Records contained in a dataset
········

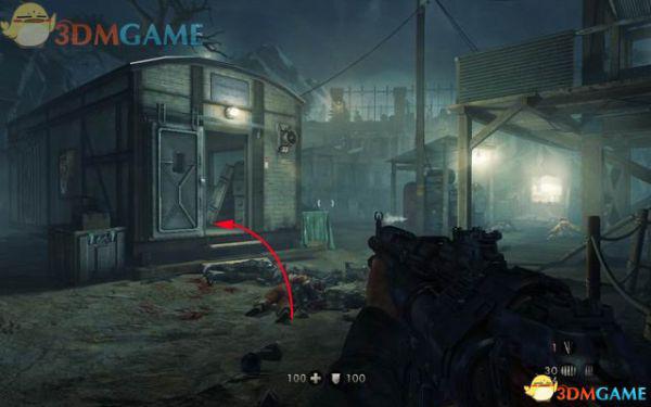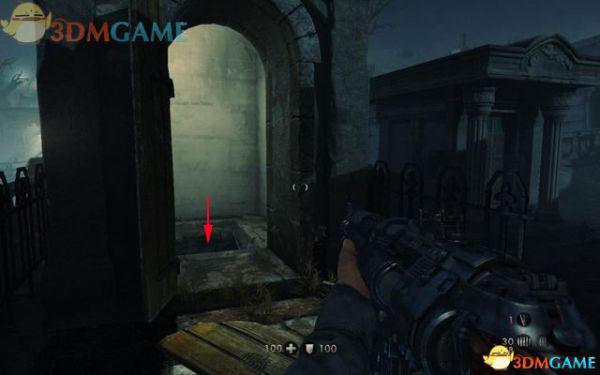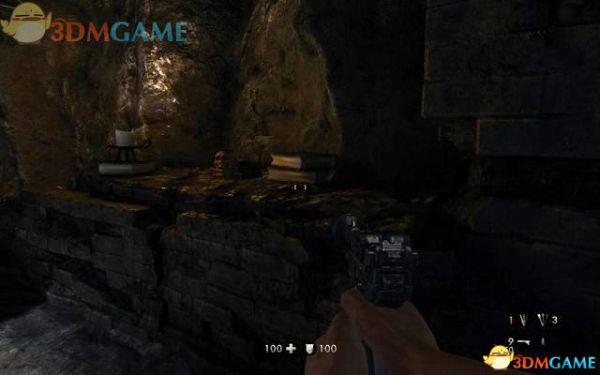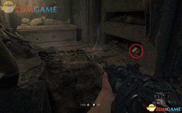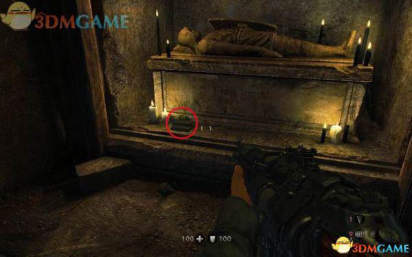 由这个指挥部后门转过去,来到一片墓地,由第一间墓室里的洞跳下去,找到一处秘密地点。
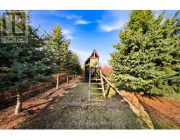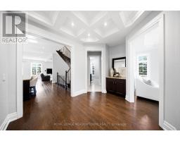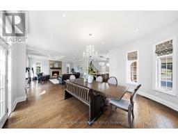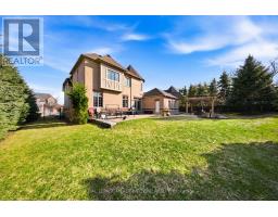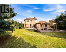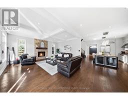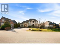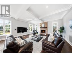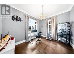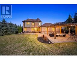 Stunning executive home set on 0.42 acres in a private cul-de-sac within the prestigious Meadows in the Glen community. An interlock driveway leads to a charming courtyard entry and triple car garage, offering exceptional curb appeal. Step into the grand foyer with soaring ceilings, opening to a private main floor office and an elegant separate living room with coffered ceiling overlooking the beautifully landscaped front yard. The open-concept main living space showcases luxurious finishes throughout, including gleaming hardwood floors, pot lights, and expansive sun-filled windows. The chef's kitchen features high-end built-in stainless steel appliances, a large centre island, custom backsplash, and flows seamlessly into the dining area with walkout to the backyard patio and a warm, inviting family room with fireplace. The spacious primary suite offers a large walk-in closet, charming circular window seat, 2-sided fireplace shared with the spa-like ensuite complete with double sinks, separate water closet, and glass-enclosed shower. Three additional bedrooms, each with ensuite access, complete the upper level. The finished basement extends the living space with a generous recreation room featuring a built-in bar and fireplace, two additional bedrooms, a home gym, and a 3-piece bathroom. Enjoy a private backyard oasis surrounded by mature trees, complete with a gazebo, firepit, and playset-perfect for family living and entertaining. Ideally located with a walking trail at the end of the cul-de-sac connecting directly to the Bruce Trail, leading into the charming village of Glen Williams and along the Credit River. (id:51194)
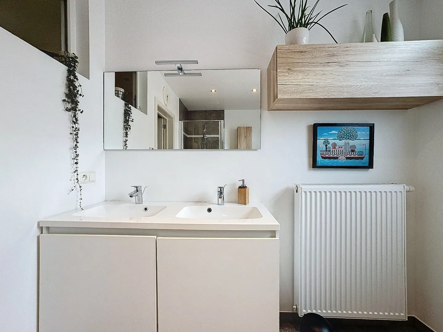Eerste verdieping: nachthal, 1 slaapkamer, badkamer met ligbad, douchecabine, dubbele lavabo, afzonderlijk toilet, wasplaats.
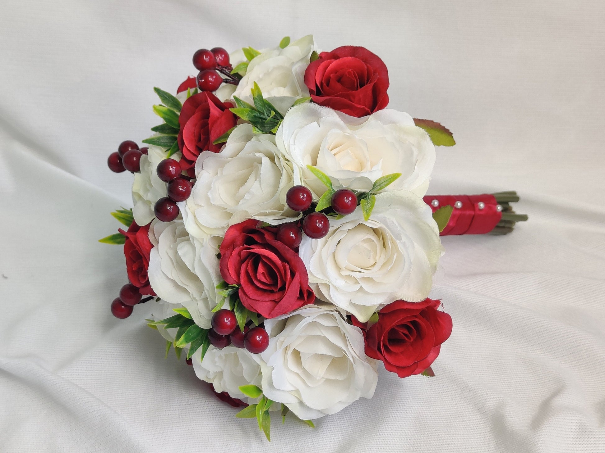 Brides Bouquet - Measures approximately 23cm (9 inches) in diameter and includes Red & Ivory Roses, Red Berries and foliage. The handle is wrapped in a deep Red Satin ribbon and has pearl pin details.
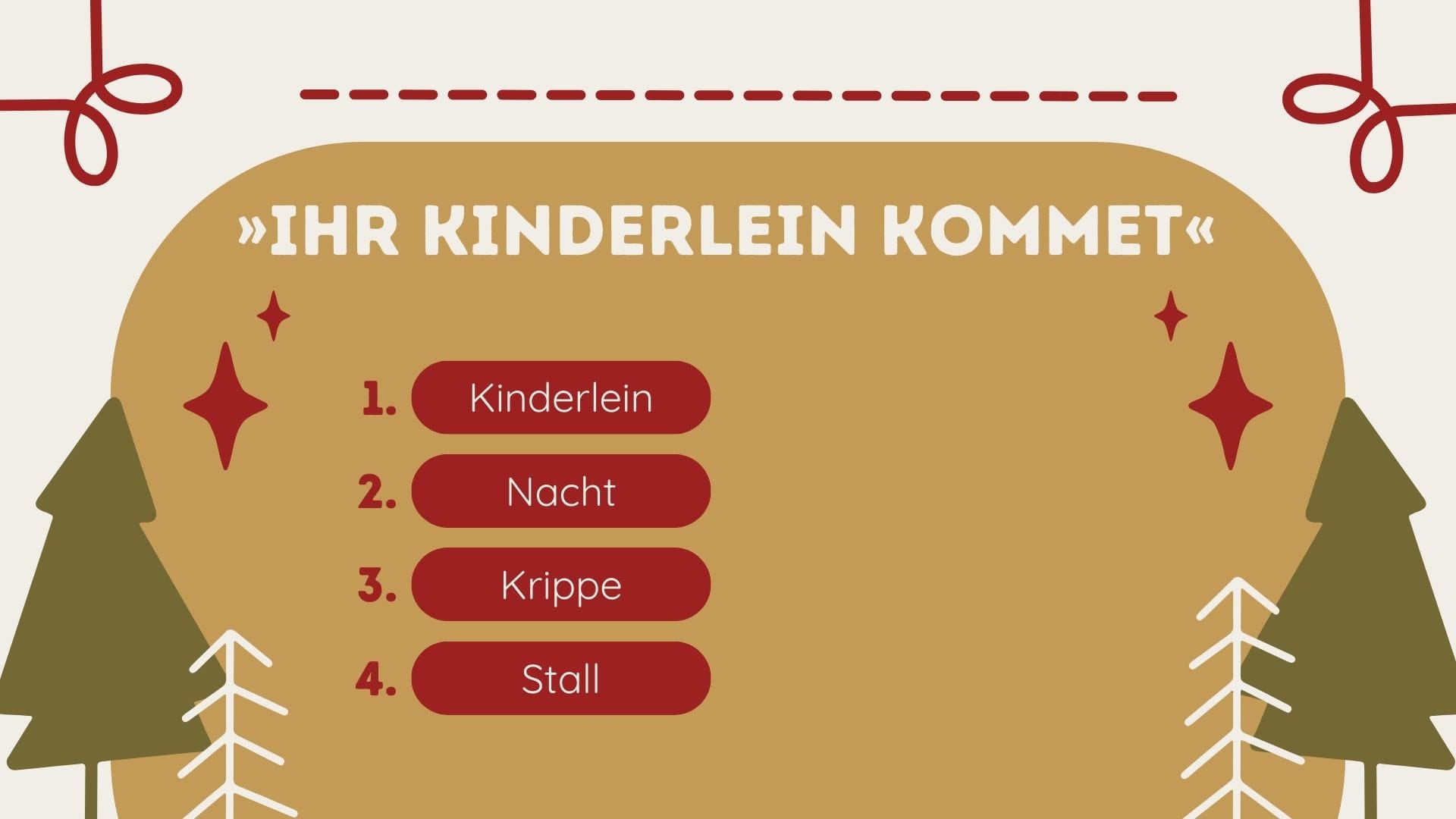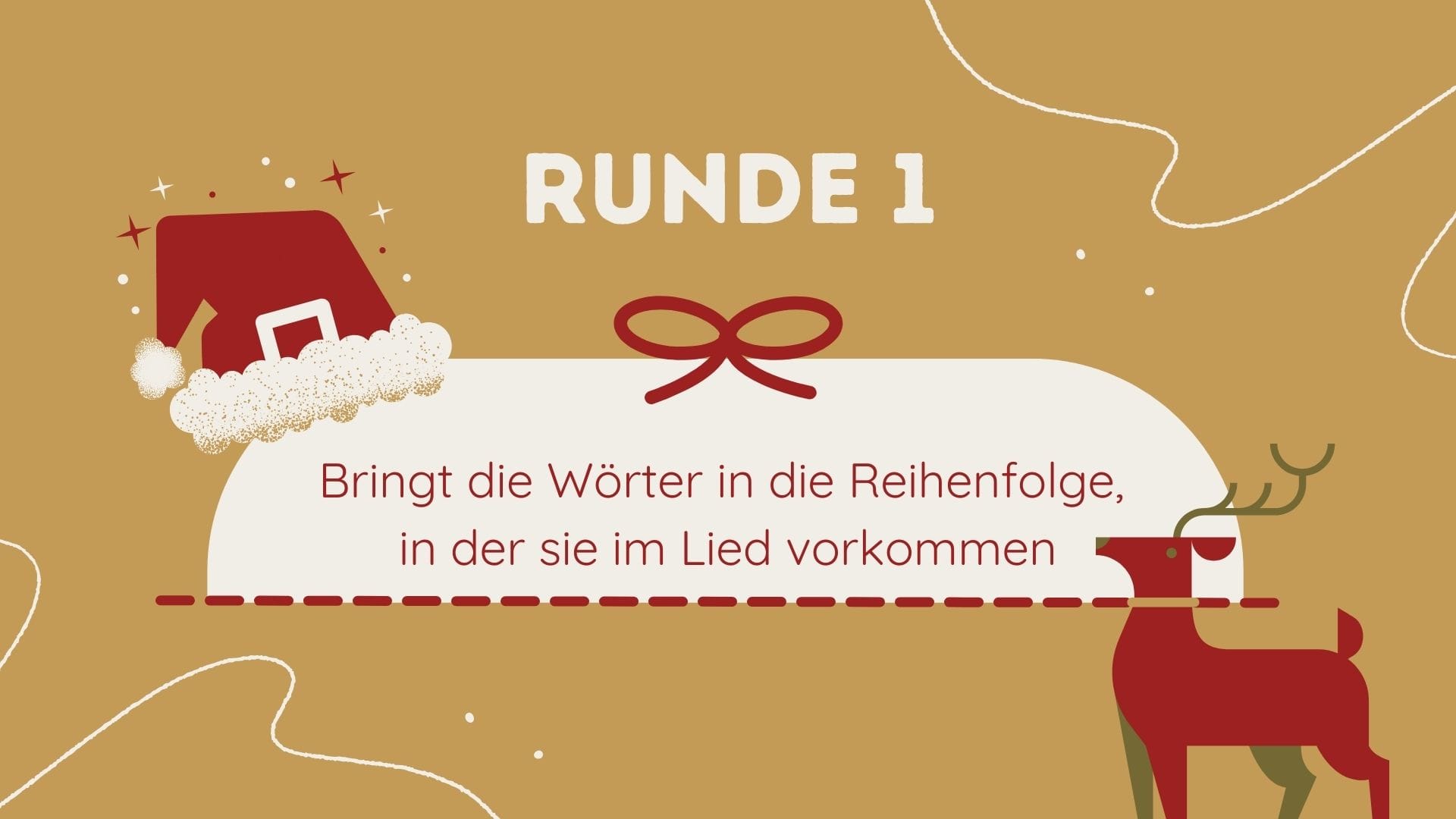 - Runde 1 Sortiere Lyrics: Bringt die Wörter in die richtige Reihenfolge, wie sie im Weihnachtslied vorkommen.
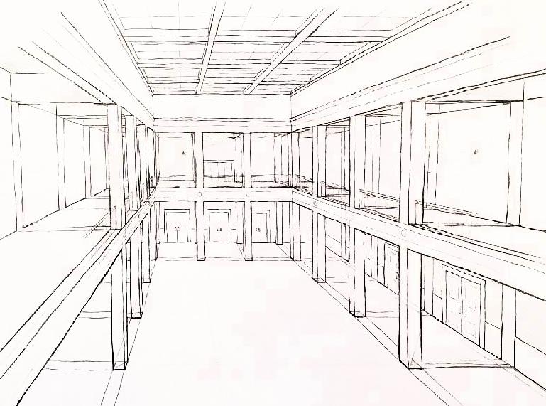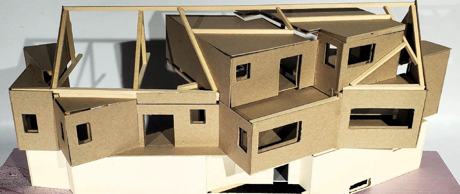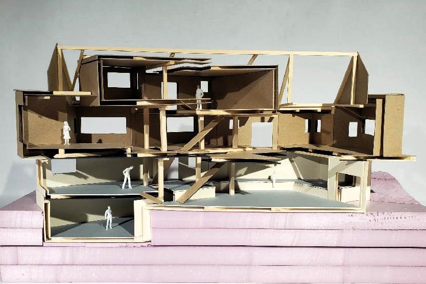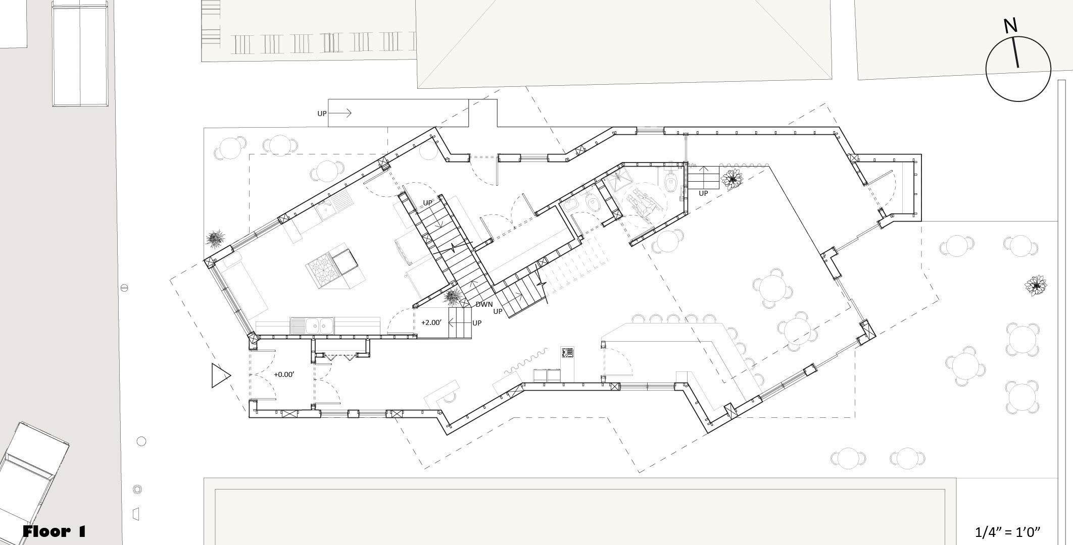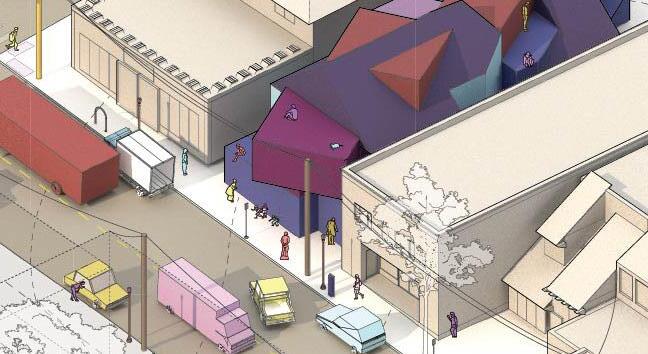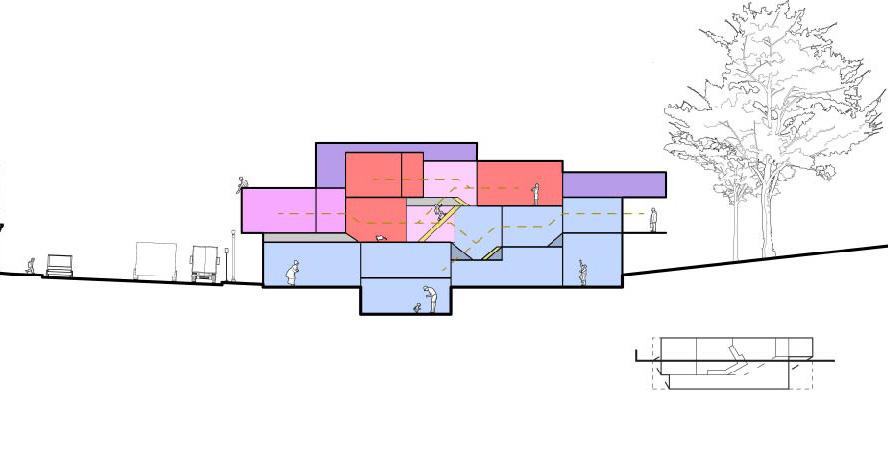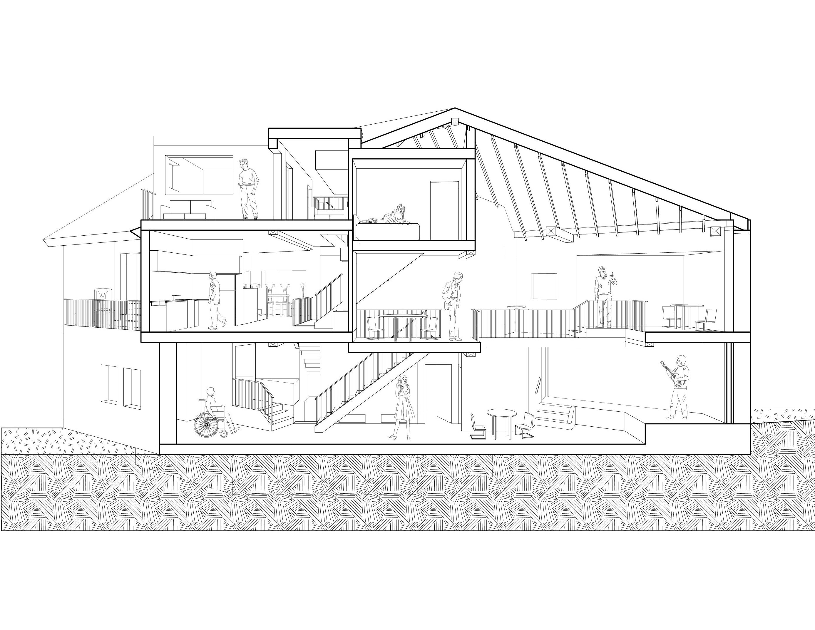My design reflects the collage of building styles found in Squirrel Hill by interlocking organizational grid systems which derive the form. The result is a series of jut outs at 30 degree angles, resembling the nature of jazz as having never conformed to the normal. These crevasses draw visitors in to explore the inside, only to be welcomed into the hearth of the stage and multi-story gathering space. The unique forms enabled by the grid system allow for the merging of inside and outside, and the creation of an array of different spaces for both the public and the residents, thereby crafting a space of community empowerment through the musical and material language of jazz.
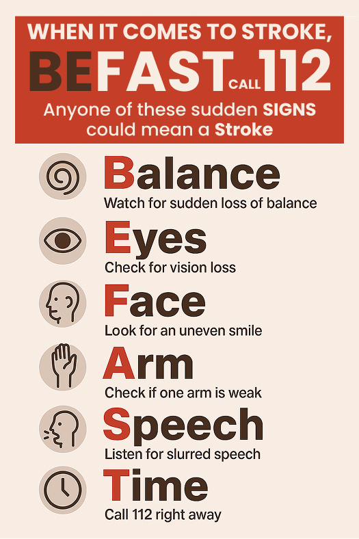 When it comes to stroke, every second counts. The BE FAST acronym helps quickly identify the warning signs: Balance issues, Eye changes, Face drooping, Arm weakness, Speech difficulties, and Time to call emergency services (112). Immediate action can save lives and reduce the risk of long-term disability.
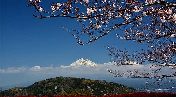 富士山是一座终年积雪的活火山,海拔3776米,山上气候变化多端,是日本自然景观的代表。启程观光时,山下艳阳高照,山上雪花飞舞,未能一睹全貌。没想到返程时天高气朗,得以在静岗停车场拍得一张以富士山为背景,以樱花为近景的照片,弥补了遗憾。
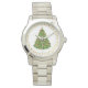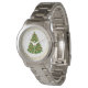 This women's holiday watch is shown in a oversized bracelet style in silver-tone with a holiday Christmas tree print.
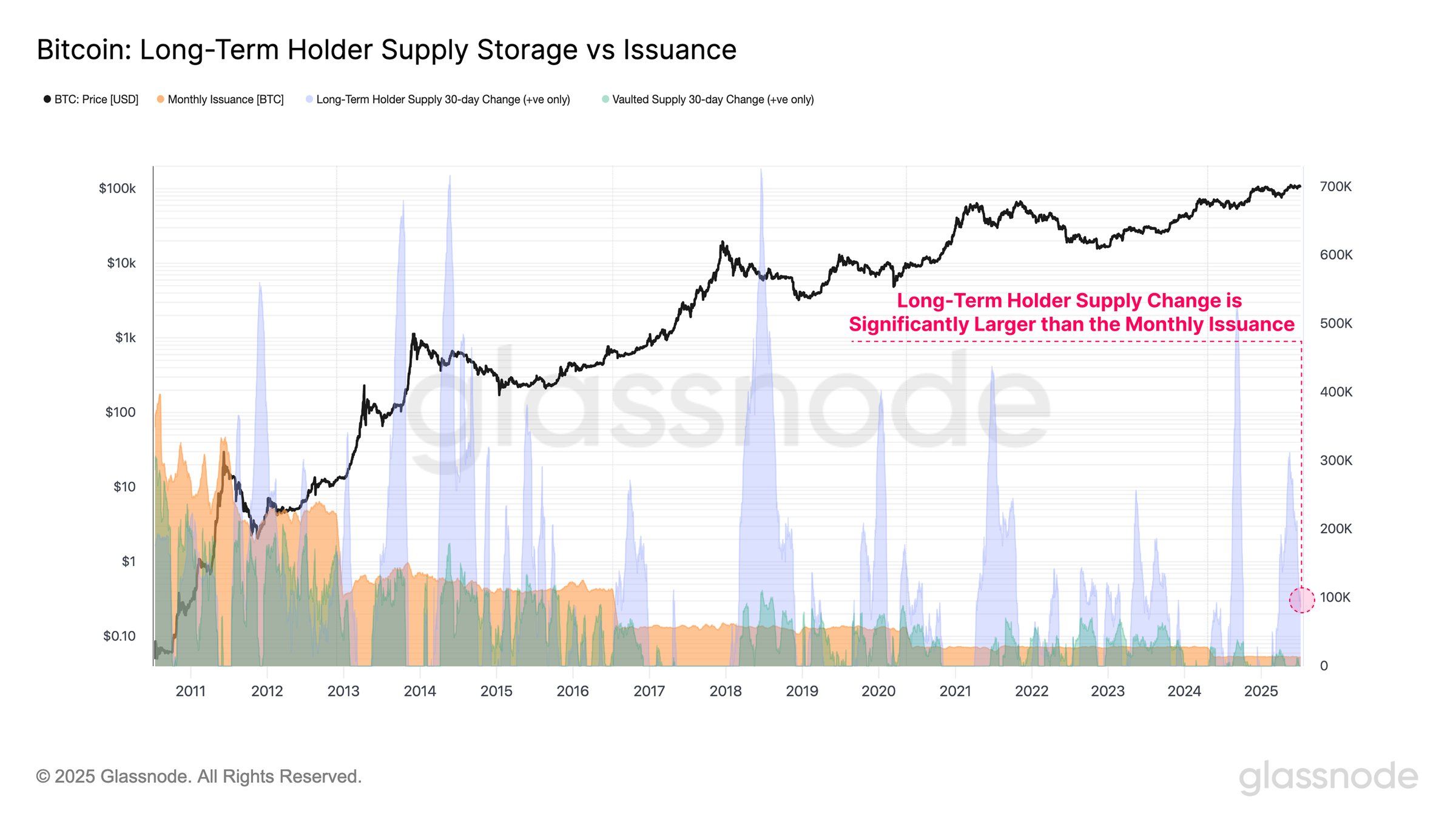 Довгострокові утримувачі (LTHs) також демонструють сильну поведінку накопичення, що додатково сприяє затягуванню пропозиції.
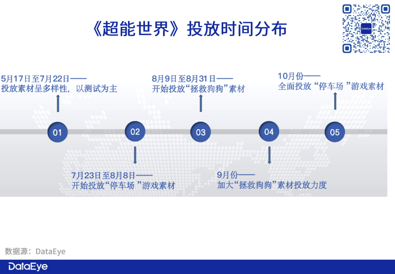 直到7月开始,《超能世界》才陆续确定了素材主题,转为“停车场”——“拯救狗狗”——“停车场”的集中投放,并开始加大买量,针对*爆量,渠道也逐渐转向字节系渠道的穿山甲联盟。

········

Brief: Return every record exactly. Pictures stay out.

Solution to this task:
 由这个指挥部后门转过去,来到一片墓地,由第一间墓室里的洞跳下去,找到一处秘密地点。
 Stunning executive home set on 0.42 acres in a private cul-de-sac within the prestigious Meadows in the Glen community. An interlock driveway leads to a charming courtyard entry and triple car garage, offering exceptional curb appeal. Step into the grand foyer with soaring ceilings, opening to a private main floor office and an elegant separate living room with coffered ceiling overlooking the beautifully landscaped front yard. The open-concept main living space showcases luxurious finishes throughout, including gleaming hardwood floors, pot lights, and expansive sun-filled windows. The chef's kitchen features high-end built-in stainless steel appliances, a large centre island, custom backsplash, and flows seamlessly into the dining area with walkout to the backyard patio and a warm, inviting family room with fireplace. The spacious primary suite offers a large walk-in closet, charming circular window seat, 2-sided fireplace shared with the spa-like ensuite complete with double sinks, separate water closet, and glass-enclosed shower. Three additional bedrooms, each with ensuite access, complete the upper level. The finished basement extends the living space with a generous recreation room featuring a built-in bar and fireplace, two additional bedrooms, a home gym, and a 3-piece bathroom. Enjoy a private backyard oasis surrounded by mature trees, complete with a gazebo, firepit, and playset-perfect for family living and entertaining. Ideally located with a walking trail at the end of the cul-de-sac connecting directly to the Bruce Trail, leading into the charming village of Glen Williams and along the Credit River. (id:51194)
Eerste verdieping: nachthal, 1 slaapkamer, badkamer met ligbad, douchecabine, dubbele lavabo, afzonderlijk toilet, wasplaats.
 Brides Bouquet - Measures approximately 23cm (9 inches) in diameter and includes Red & Ivory Roses, Red Berries and foliage. The handle is wrapped in a deep Red Satin ribbon and has pearl pin details.
 - Runde 1 Sortiere Lyrics: Bringt die Wörter in die richtige Reihenfolge, wie sie im Weihnachtslied vorkommen.
My design reflects the collage of building styles found in Squirrel Hill by interlocking organizational grid systems which derive the form. The result is a series of jut outs at 30 degree angles, resembling the nature of jazz as having never conformed to the normal. These crevasses draw visitors in to explore the inside, only to be welcomed into the hearth of the stage and multi-story gathering space. The unique forms enabled by the grid system allow for the merging of inside and outside, and the creation of an array of different spaces for both the public and the residents, thereby crafting a space of community empowerment through the musical and material language of jazz.
 When it comes to stroke, every second counts. The BE FAST acronym helps quickly identify the warning signs: Balance issues, Eye changes, Face drooping, Arm weakness, Speech difficulties, and Time to call emergency services (112). Immediate action can save lives and reduce the risk of long-term disability.
 富士山是一座终年积雪的活火山,海拔3776米,山上气候变化多端,是日本自然景观的代表。启程观光时,山下艳阳高照,山上雪花飞舞,未能一睹全貌。没想到返程时天高气朗,得以在静岗停车场拍得一张以富士山为背景,以樱花为近景的照片,弥补了遗憾。
 This women's holiday watch is shown in a oversized bracelet style in silver-tone with a holiday Christmas tree print.
 Довгострокові утримувачі (LTHs) також демонструють сильну поведінку накопичення, що додатково сприяє затягуванню пропозиції.
 直到7月开始,《超能世界》才陆续确定了素材主题,转为“停车场”——“拯救狗狗”——“停车场”的集中投放,并开始加大买量,针对*爆量,渠道也逐渐转向字节系渠道的穿山甲联盟。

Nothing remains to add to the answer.